**Required action**
The expected answer is the full listing, repeated exactly and free of images.

**Exercise data**
== Segment start ==

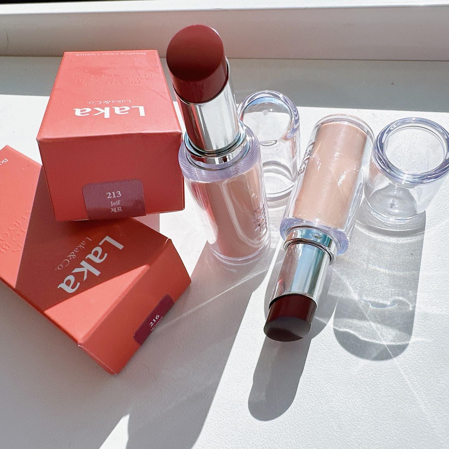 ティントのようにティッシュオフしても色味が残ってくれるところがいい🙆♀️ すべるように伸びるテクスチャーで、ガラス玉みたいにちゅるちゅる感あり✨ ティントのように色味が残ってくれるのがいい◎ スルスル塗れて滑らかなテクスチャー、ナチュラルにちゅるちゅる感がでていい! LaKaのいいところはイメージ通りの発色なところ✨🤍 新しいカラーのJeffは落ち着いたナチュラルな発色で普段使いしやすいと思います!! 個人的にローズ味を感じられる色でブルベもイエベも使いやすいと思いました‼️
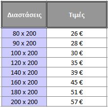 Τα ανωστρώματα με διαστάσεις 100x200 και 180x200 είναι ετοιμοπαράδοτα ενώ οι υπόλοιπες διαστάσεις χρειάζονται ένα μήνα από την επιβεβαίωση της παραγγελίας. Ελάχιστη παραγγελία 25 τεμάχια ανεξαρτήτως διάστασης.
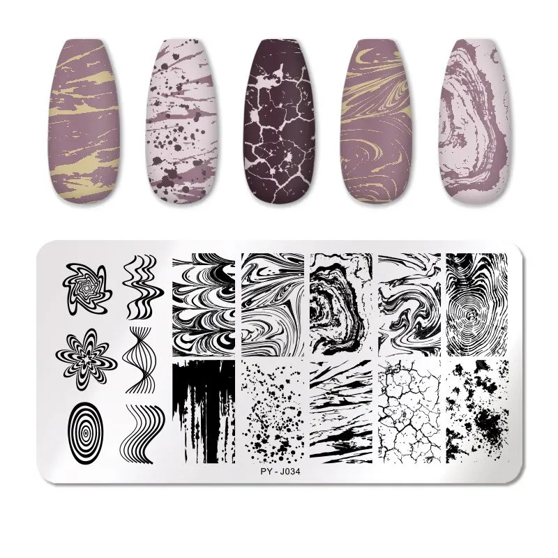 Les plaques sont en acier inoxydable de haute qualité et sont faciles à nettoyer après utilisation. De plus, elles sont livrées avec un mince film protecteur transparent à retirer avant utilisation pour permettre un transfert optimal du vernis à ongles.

== Segment end ==

**Your solution**
 ティントのようにティッシュオフしても色味が残ってくれるところがいい🙆♀️ すべるように伸びるテクスチャーで、ガラス玉みたいにちゅるちゅる感あり✨ ティントのように色味が残ってくれるのがいい◎ スルスル塗れて滑らかなテクスチャー、ナチュラルにちゅるちゅる感がでていい! LaKaのいいところはイメージ通りの発色なところ✨🤍 新しいカラーのJeffは落ち着いたナチュラルな発色で普段使いしやすいと思います!! 個人的にローズ味を感じられる色でブルベもイエベも使いやすいと思いました‼️
 Τα ανωστρώματα με διαστάσεις 100x200 και 180x200 είναι ετοιμοπαράδοτα ενώ οι υπόλοιπες διαστάσεις χρειάζονται ένα μήνα από την επιβεβαίωση της παραγγελίας. Ελάχιστη παραγγελία 25 τεμάχια ανεξαρτήτως διάστασης.
 Les plaques sont en acier inoxydable de haute qualité et sont faciles à nettoyer après utilisation. De plus, elles sont livrées avec un mince film protecteur transparent à retirer avant utilisation pour permettre un transfert optimal du vernis à ongles.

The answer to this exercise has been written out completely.